Useable outputs can be selected by auditioning them directly, but it has been observed that the best-sounding rows are those that have the most “sign interleaving.” For example, row 510 has alternating ones and negative ones, so it is likely to produce a useable reverberation channel, while row 520 has eight successive ones, followed by eight successive negative ones, so it is likely to produce a signal that is not a convincing reverberation simulation. Mathematically, this is believed to be related to the effectiveness of pole/zero cancellation achieved by the FDN: better pole/zero alignment provides better signal characteristics. (Note that perfect pole/zero alignment is difficult to achieve in practice, and is undesirable in any case because it would eliminate the desired synthetic reverberation effect.)

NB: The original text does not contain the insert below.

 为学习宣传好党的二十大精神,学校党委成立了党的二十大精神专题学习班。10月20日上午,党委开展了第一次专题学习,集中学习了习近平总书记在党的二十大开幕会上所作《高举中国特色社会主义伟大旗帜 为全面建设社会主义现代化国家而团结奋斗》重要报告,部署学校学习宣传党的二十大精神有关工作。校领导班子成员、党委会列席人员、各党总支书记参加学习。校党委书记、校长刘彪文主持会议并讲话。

In addition to the effect of sign interleaving discussed above, delay line lengths also contribute to the perceived quality of the reverberation channels. Delay line lengths are relatively prime, for reasons discussed earlier, but lengths that are closer produce signals that are closer in phase for the frequencies that are perceptually important (approximately 20-100 Hz). Delay line length differences on the order of 100 samples (at a sampling rate of 48 KHz) produce delayed signals that are only about to ¼ to 1/20 period out of phase, so matrix rows with more sign interleaving provide better pole/zero cancellation in the important frequency range. To reduce network configuration and operation complexity, it is preferred to arrange delay lines in order of increasing (or decreasing) delay lengths, instead of arranging them randomly. For signals thus arranged, nearby matrix rows with more sign interleaving provide better pole/zero cancellation than lines that are farther apart and/or that have less sign interleaving.

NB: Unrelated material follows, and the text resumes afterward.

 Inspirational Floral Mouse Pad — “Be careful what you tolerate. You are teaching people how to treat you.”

FIG. 6 outlines a method by which an embodiment of the invention operates. A digitized audio signal is received to begin processing (610). The signal may be entirely synthetic (e.g. generated by an algorithmic process) or may be a digitized version of an actual sound recorded earlier or detected in real time by a microphone or similar sensor. A plurality of variably-delayed copies of the signal are produced (620), for example by passing the signal through a plurality of delay lines. The delayed signals are subjected to a matrix transformation (630) by a Fourier or Hadamard transform to produce a corresponding plurality of transformed signals. The matrix outputs are mixed with the pre-delay digitized audio signal (640). Also, some of the outputs are emitted for further audio processing (650). For example, the outputs may be mixed with reverberation channels produced based on other input signals, and channels may be assigned to one channel of a multi-channel sound system. Output signals may be aggregated using an encoding system such as Dolby Digital™ and provided to an amplifier to be amplified and rendered by a sound emitter such as a speaker array or headphone.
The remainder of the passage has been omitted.